# Background



## Ekans (Jul 4, 2014)

I was thinking about making a background for one of my enclosures, a 120cm long glass tank. At the moment it houses my water dragon. I have a question though, I don't want to apply the background directly to the glass so I will be making one that I can put in and take out. Has anyone worked with corflute as a backing? Can expanda-foam be applied directly to corflute? Or will the chemical reaction melt the plastic? Or will it not adhere? The reason I'm thinking about using corflute is I have tons of the stuff laying around. I looked up some of the MSD sheets for popular brands of expanding foam and didn't see anywhere that recommended not using with plastic. If nobody knows I'll test it and probably post it up for anyone else who may have the same question.


----------



## CrazyNut (Jul 4, 2014)

Just cover a pice of cardboard with silicone and expanding foam over that... That will make your removable background of course you have to shape and paint the foam etc but you would already know that


----------



## Jacknife (Jul 4, 2014)

expandafoam wont adhere to corflute well in the long run as it has a very smooth, waxy, high gloss surface. Thick cardboard is your best go.


----------



## MrVic (Jul 7, 2014)

Go to your nearest large hardware store and grab a thin sheet of ply or any other natural material. Stronger than cardboard and easy to cut to size. I wouldn't use MDF though, the cocktail of chemicals that go into making it is rather nasty. 

Not that a silicone covered piece of cardboard won't do the trick. 
It all comes down to how valuable your time is


----------



## Cypher69 (Jul 11, 2014)

Jacknife said:


> expandafoam wont adhere to corflute well in the long run as it has a very smooth, waxy, high gloss surface. Thick cardboard is your best go.



Maybe drill holes into the corflute so the expanda foam will wedge into the holes & dry "attached" to it.


----------



## Ekans (Jul 11, 2014)

That is what I was thinking Cypher, I was going to cut strips out of each 'run', enough to make a gap but leave a lip for the foam to expand around

As for the slippery surface, I was planning on sanding the surface roughly


----------



## Native_EWD (Jul 11, 2014)

How much water is in the tank? Is it in a container?
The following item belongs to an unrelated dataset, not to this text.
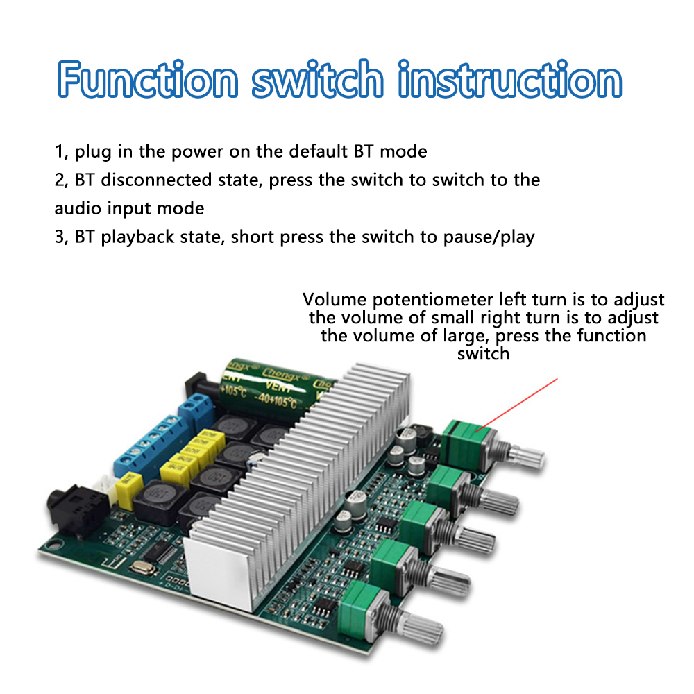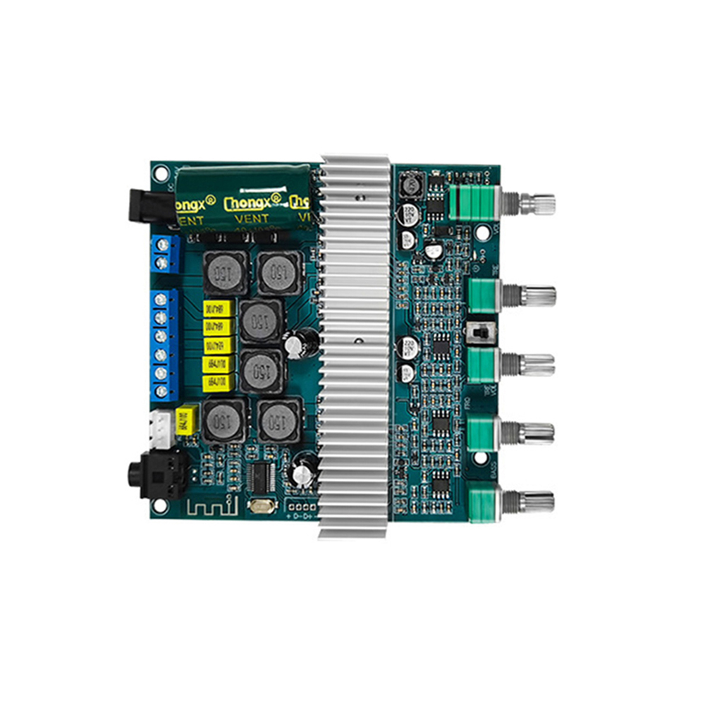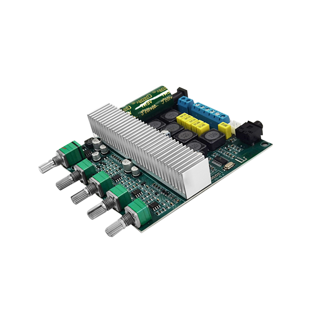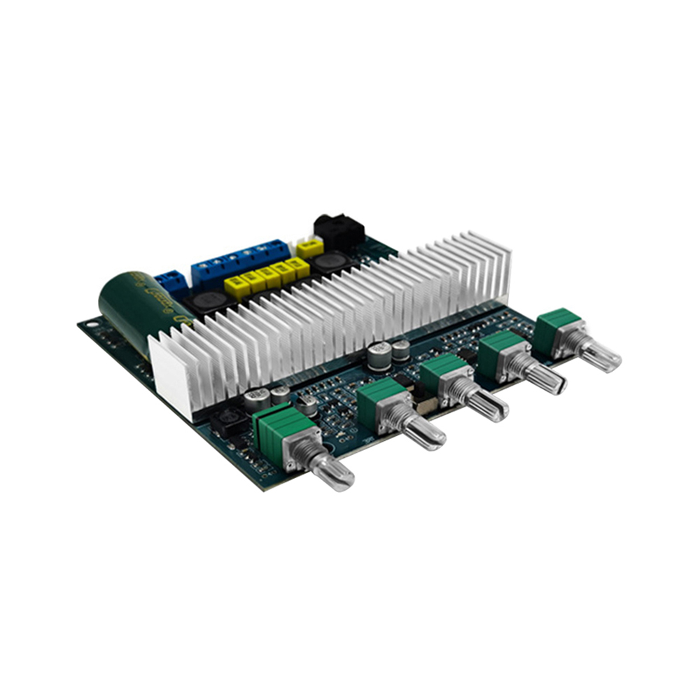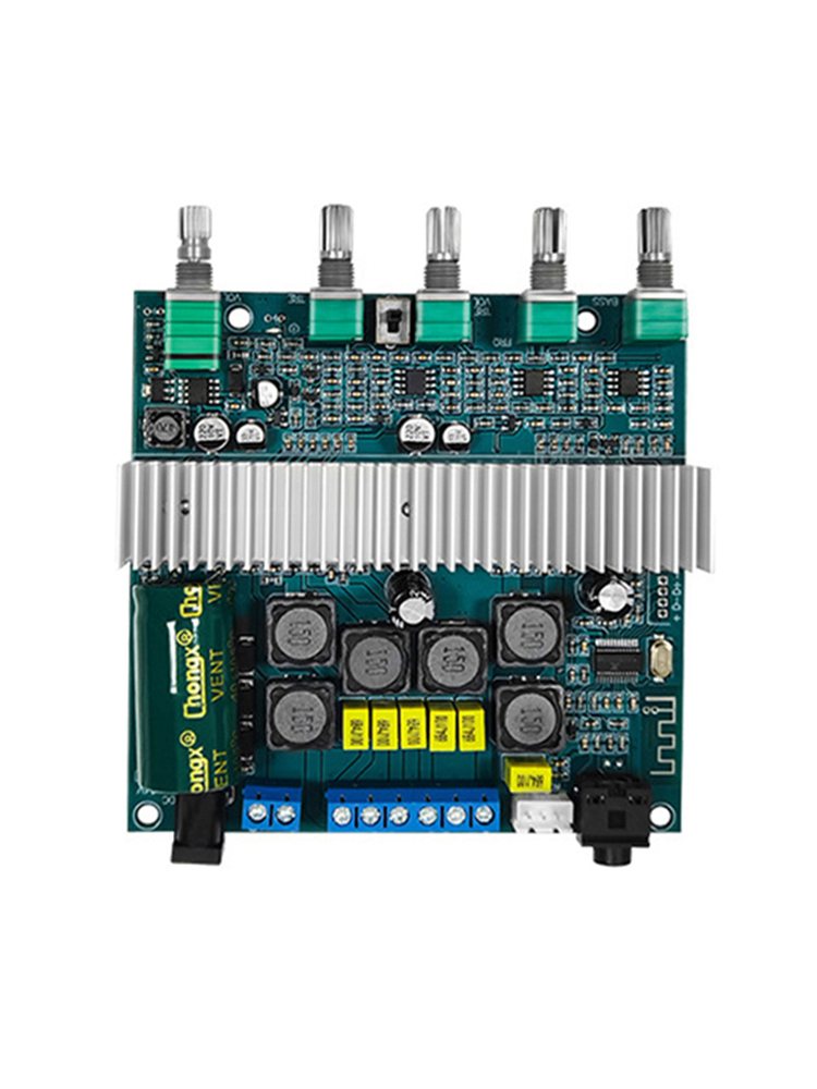 3. Support Bluetooth audio reception, external audio input interface, with preamplification, bass crossover processing; bass volume, bass frequency, left and right channel volume, treble, function control switch/total volume, 5 adjustment potentiometer

Just wondering if the cardboard would be able to get wet or moisture build up. 
Sheet of Perspex? My diy background has styrofoam as a backing then the expanda foam applied on the face, Corflute is rubbish IMO


----------



## Ninabuddha (Jul 13, 2014)

Native_EWD said:


> How much water is in the tank? Is it in a container? Just wondering if the cardboard would be able to get wet or moisture build up.
> Sheet of Perspex? My diy background has styrofoam as a backing then the expanda foam applied on the face, Corflute is rubbish IMO




im new to the DIY part of reptile keeping. i was curious how does the expanding foam hold the styrofoam to the perspex? or do yu glue it down?


----------



## Native_EWD (Jul 14, 2014)

Guess it depends how coarse the surface of the styrofoam is, the rougher the face the better it will stick. I ran out of other glues and only had wood glue, from memory, which ate into the styrofoam pretty bad. But in saying that it kept it all together to this day, Wouldn't recommend using it though lol. Ive also heard of people who have pushed in nails, toothpicks and kebab skewers to hold the expanda foam to the other foam, with the help of glue off coarse. 

Maybe someone can give you more advice on which glues would be best?


----------



## Jacknife (Jul 14, 2014)

Any solvent based glue will react with and dissolve styrofoam.

... You can actually make a form of napalm if you get the ratios right though...


----------



## bdav70 (Jul 18, 2014)

Yeah be careful with craft glue- it melts right through the foam! I had reasonable success making mine out of styrofoam sheet as a base (pretty cheap from Clarke rubber) and then gluing chunks in the shape of rocks using tough as nails. From there it's the usual painting on tile grout, an acrylic water based top coat for colour with few sprinkles of sand to get rid of that high gloss look. Came up pretty well! 


Sent from my iPhone using Tapatalk


----------



## MrVic (Jul 19, 2014)

Cypher69 said:


> Maybe drill holes into the corflute so the expanda foam will wedge into the holes & dry "attached" to it.



In that case use pegboard instead. It is covered in holes for the expand-a-foam to bite into and hold.


----------



## J-A-X (Jul 23, 2014)

water based liquid nails will stick polystyrene foam to almost anything, including itself.


----------



## divinescales (Aug 14, 2014)

I use Loctite power grab. Its safe for use in water or reptile enclosure. Does'nt dissolve foam. Yes you can use it to glue foam to coreflute and use toothpicks aswell to strengthen and hold into place while adhesive or expandafoam sets.


----------